=== TASK TO CARRY OUT ===
Please copy exactly the part of the records below that opens with the line containing "今回は、裁ちばさみで型を切り" and closes with the line containing "Голову тяжеловооружённого легионера", leaving out any pictures.

Start of INFORMATION GIVEN

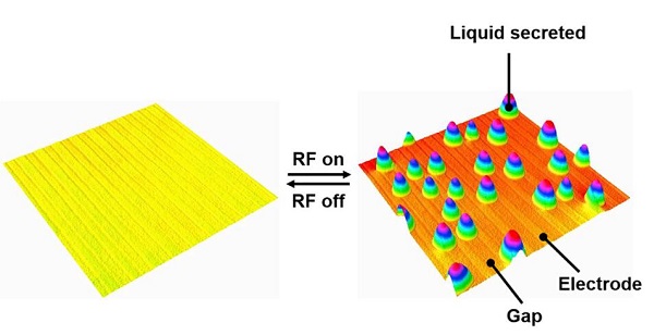 目前,在智能材料研究中部分致力于响应环境变化而耦合传感和驱动的材料。但是,为了使材料真正变得智能,还面临着材料与人类、器件或相互之间交换化学信息的挑战。此外,提供延长材料和器件寿命的机制,还将在机器人技术、虚拟现实和调整后的药物输送范围内提供通信和反馈机制。例如以哺乳动物的皮肤为启发,通过分泌化学物质改变其表面性质的涂层与环境相互作用,影响附着力、润湿性、温度或触摸体验。然而,大多数方法仅限于被动释放,很少报道通过触发释放与吸收再填充相结合的方式来管理体液。如今,主动分泌是由射频(RF)交变电场控制。频率范围为20 kHz-300 GHz的RF,包括无线电波和微波,是一种低能量、非电离的辐射。但是,材料科学家对射频在刺激响应性有机材料和软材料方面的潜力仍然知之甚少。
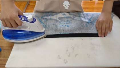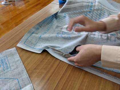 今回は、裁ちばさみで型を切り取り、ミシンで縫うところまで布を織り、アイロンをかけました。
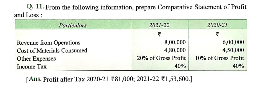 Solution of Question Number 11 Comparative Statements DK Goel for 2024 Examinations
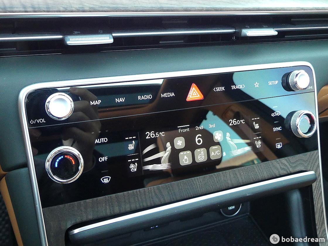 센터페시아는 심리스한 디자인을 적용해 고급스러운 감성을 더하는 한편 터치 타입 공조 장치를 적용해
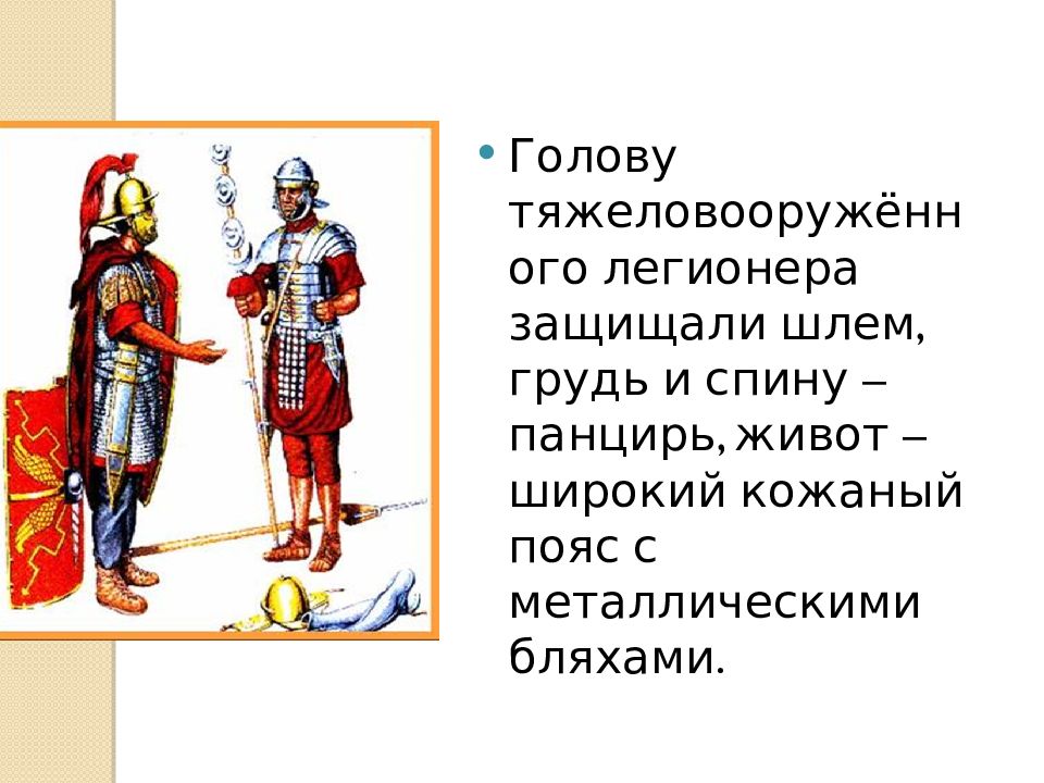 Голову тяжеловооружённого легионера защищали шлем, грудь и спину – панцирь, живот – широкий кожаный пояс с металлическими бляхами.
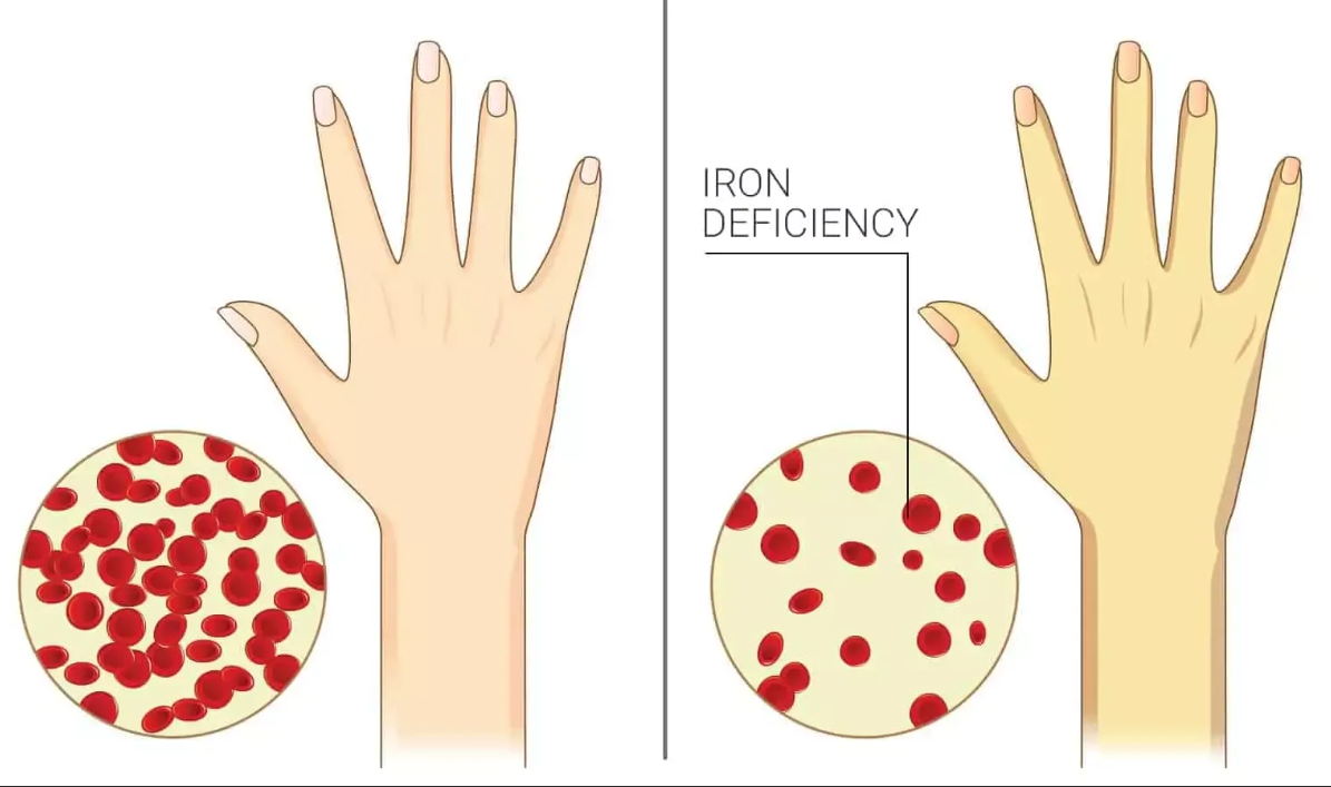 Без него невозможна выработка гемоглобина, а значит, все ткани и органы страдают из-за кислородного голодания. Без лечения это приводит к развитию анемического синдрома. Он проявляется бледностью, слабостью и постоянной усталостью, головокружениями и частой головной болью. Перебои в работе сердца, зябкость рук и ног, сухость кожи и ломкие волосы и ногти — частые симптомы анемии.
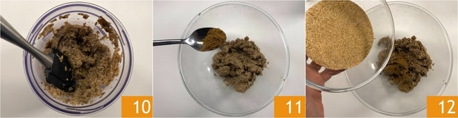 Acciona el procesador para triturar finamente los champiñones 10. Vierte el puré en un bol, luego añade el comino 11 y el pan rallado 12.
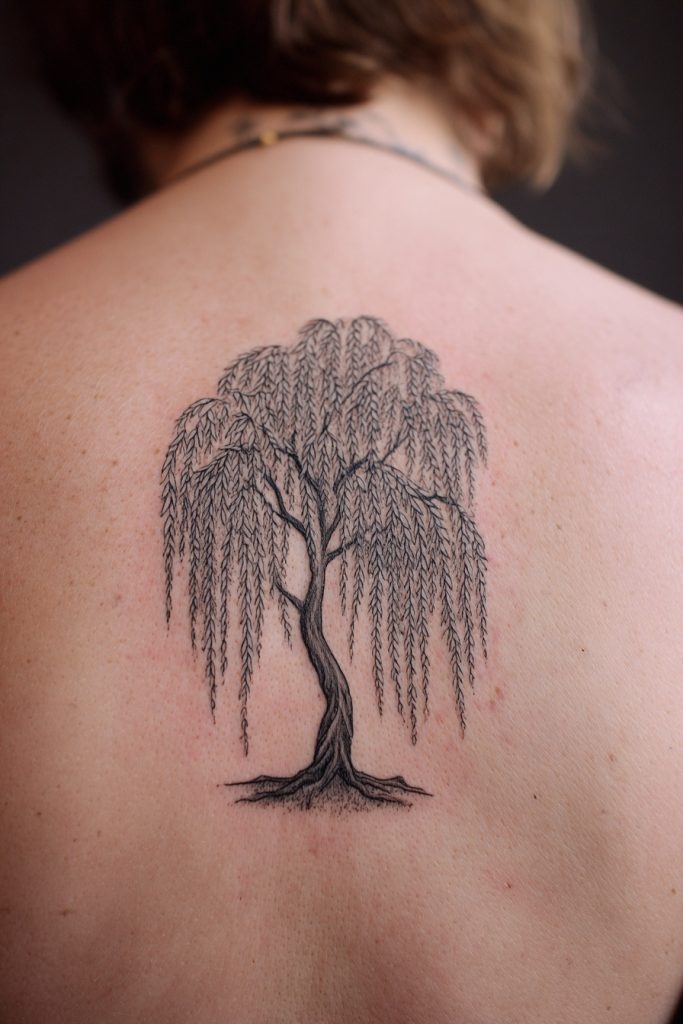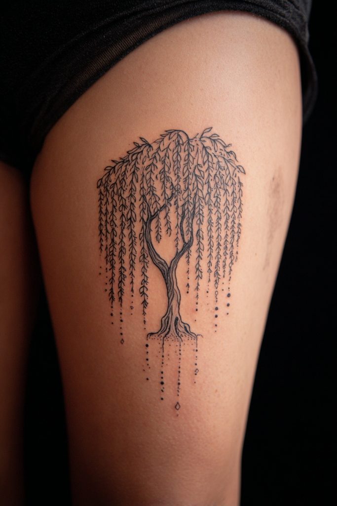 The weeping willow is a tree that embodies the perfect balance of flexibility and strength, known for its ability to bend in the wind without breaking. Its long, flowing branches create a sense of movement and sorrowful beauty that makes for a stunning, large-scale tattoo on the back or thigh. This tree is often associated with the processing of emotions, the healing power of water, and the wisdom that comes from life experience. Having a willow on your skin serves as a reminder that being soft and adaptable is not a weakness, but a vital survival strategy. The delicate leaves can be rendered with soft shading to create a dreamlike effect, suggesting a connection to the subconscious and the fluid nature of time. It is a deeply poetic design for anyone who has learned to flow with the changes of life rather than fighting against them.
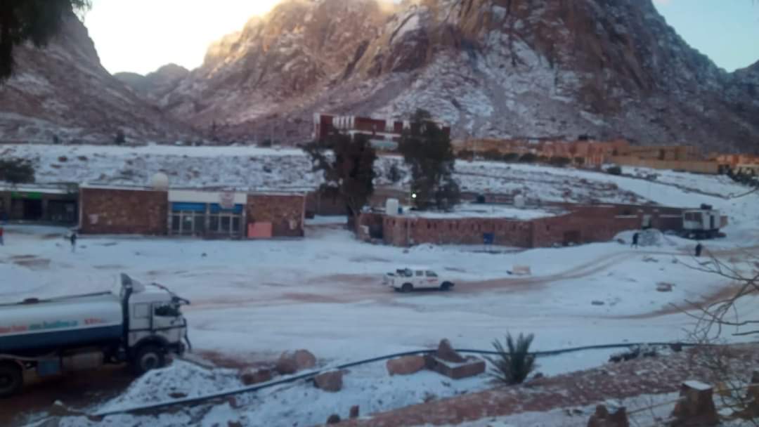 شهدت مرتفعات سانت كاترين تساقط الثلوج، وزين الجليد قمة الجبال؛ حيث سجلت درجات الحرارة فوق الجبل 03-.
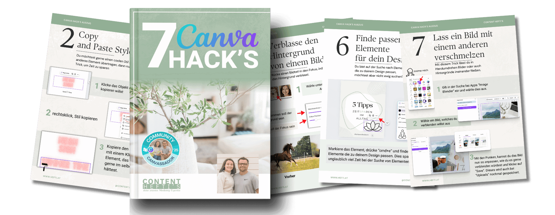 Hol dir jetzt die 7 Canva-Hacks und spare Zeit, erziele Wow-Effekte und erstell Designs, die Kunden lieben! Bereits mehr als 3.000 Downloads.
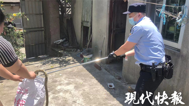“我家里有一条大蛇,两米长,也不知道有没有毒,你们快来看看吧!”5月17日上午11点左右,南京市公安局江北新区分局特巡警支队十村警务站接到居民王女士报警后,立即安排民警前往现场。

End of INFORMATION GIVEN

=== RESULT OF THE TASK ===
 今回は、裁ちばさみで型を切り取り、ミシンで縫うところまで布を織り、アイロンをかけました。
 Solution of Question Number 11 Comparative Statements DK Goel for 2024 Examinations
 센터페시아는 심리스한 디자인을 적용해 고급스러운 감성을 더하는 한편 터치 타입 공조 장치를 적용해
 Голову тяжеловооружённого легионера защищали шлем, грудь и спину – панцирь, живот – широкий кожаный пояс с металлическими бляхами.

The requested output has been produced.